Activist Group Says They'll Continue to Fight Bills in Legislature
As local lawmakers consider two bills that some say target undocumented immigrants, the local activist group Voces de la Frontera is laying out its plan for 2016.
The group says their goal is to keep families together and immigrants safe. They say they will fight three bills proposed at the state capitol.
Assembly Bill 450 would require law enforcement to report undocumented immigrants charged with a crime to federal authorities. Republican John Spiros introduced bill 450 on Wednesday. He says it is supposed to put an end to sanctuary cities and make cities safer. Critics argue it could actually make it harder for police to do their jobs if people are afraid to call police for fear of being arrested. Spiros said at a public hearing Wednesday that the bill is not "anti-immigrant. Senate Bill 533 would block town and counties from issuing photo ID's. A public hearing for that bill is set for Tuesday afternoon at the Capitol. The group says they're also against a car-impound bill introduced by Representative Joe Sanfelippo.
At the assembly meeting held at the Ascension Lutheran Church in Milwaukee Saturday, talking about their struggle left some members in tears.
"He is a very strong man, and he said I know that strong men don't cry, but recounting how his wife had a very dangerous birth where he almost lost her and the baby..." said Christine Neumann-Ortiz, the Executive Director of Voces de la Frontera.
Neumann-Ortiz was translating an account at the assembly by Jose Flores.
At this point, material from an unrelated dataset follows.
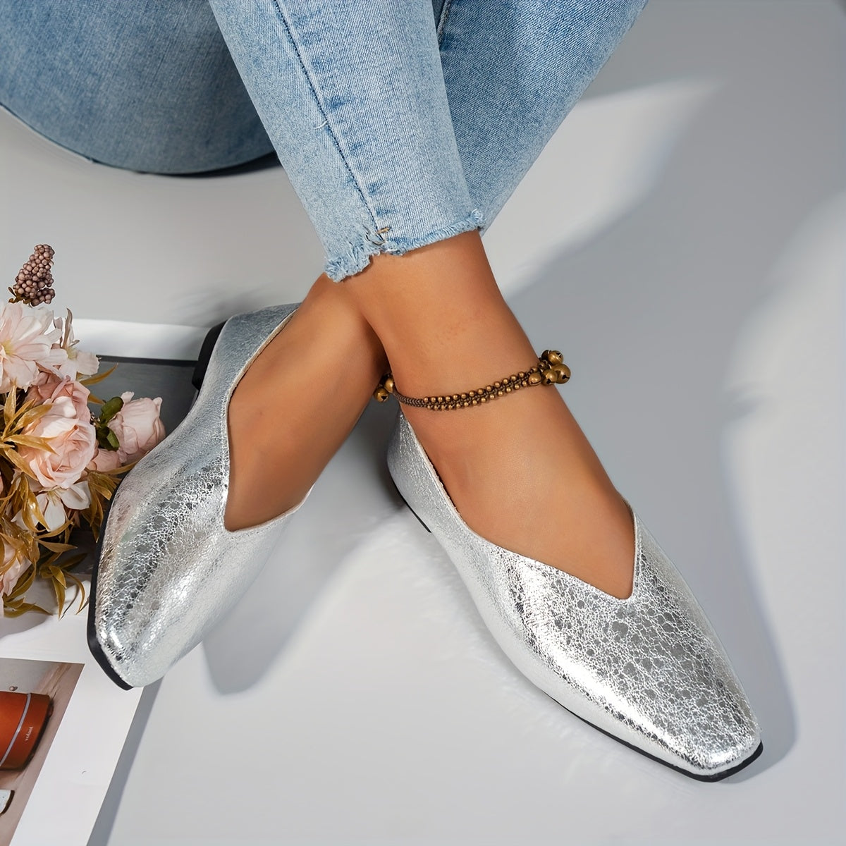 Women's Square Toe Flat Shoes Leather Low Heel Comfortable Work Shoes

Flores and others at the assembly addressed the audience in Spanish. Flores explained an emotional story about a struggle he had where being undocumented him put his family in danger.
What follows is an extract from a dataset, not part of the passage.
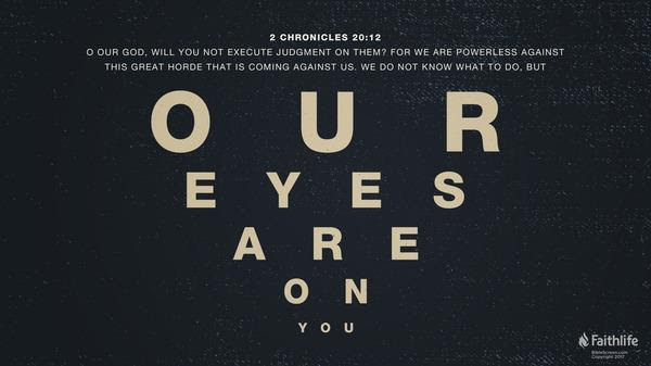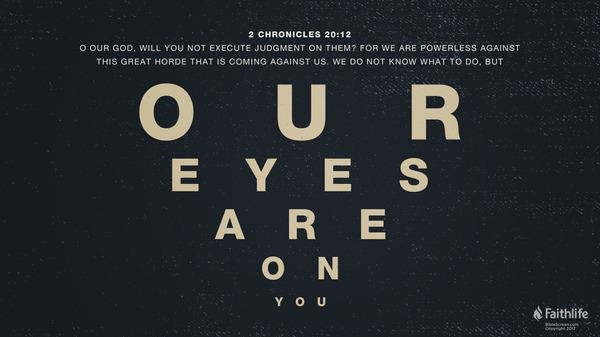 Whenever there is danger or confusion about which we are unsure how to proceed we need to be like Jehoshaphat and focus our prayers and eyes on God.

"After the operation she needed pain medication, and they were not able to get the pain medication because of him and her not having legal status in this country despite living here for over a decade," said Neumann-Ortiz as she continued to account Flores' story.
Flores has already gained national attention in the media, when he and his daughter, Leslie, confronted Governor Scott Walker on the campaign trail in July. Thirteen-year-old Leslie asked Walker why he was blocking DAPA and tearing her family apart.
Flores said Leslie is always with him in his fight.
"She knows what's going on. She knows I qualify for DAPA and DACA, daca and she fights for us and other immigrant people too," said Flores.
"The importance to continue in the struggle -- that's what he told his three-year-old and his eleven-year-old when he cried; that he felt that frustration to not be able to help his wife and his newborn baby. That this is why we fight," said Neumann-Ortiz.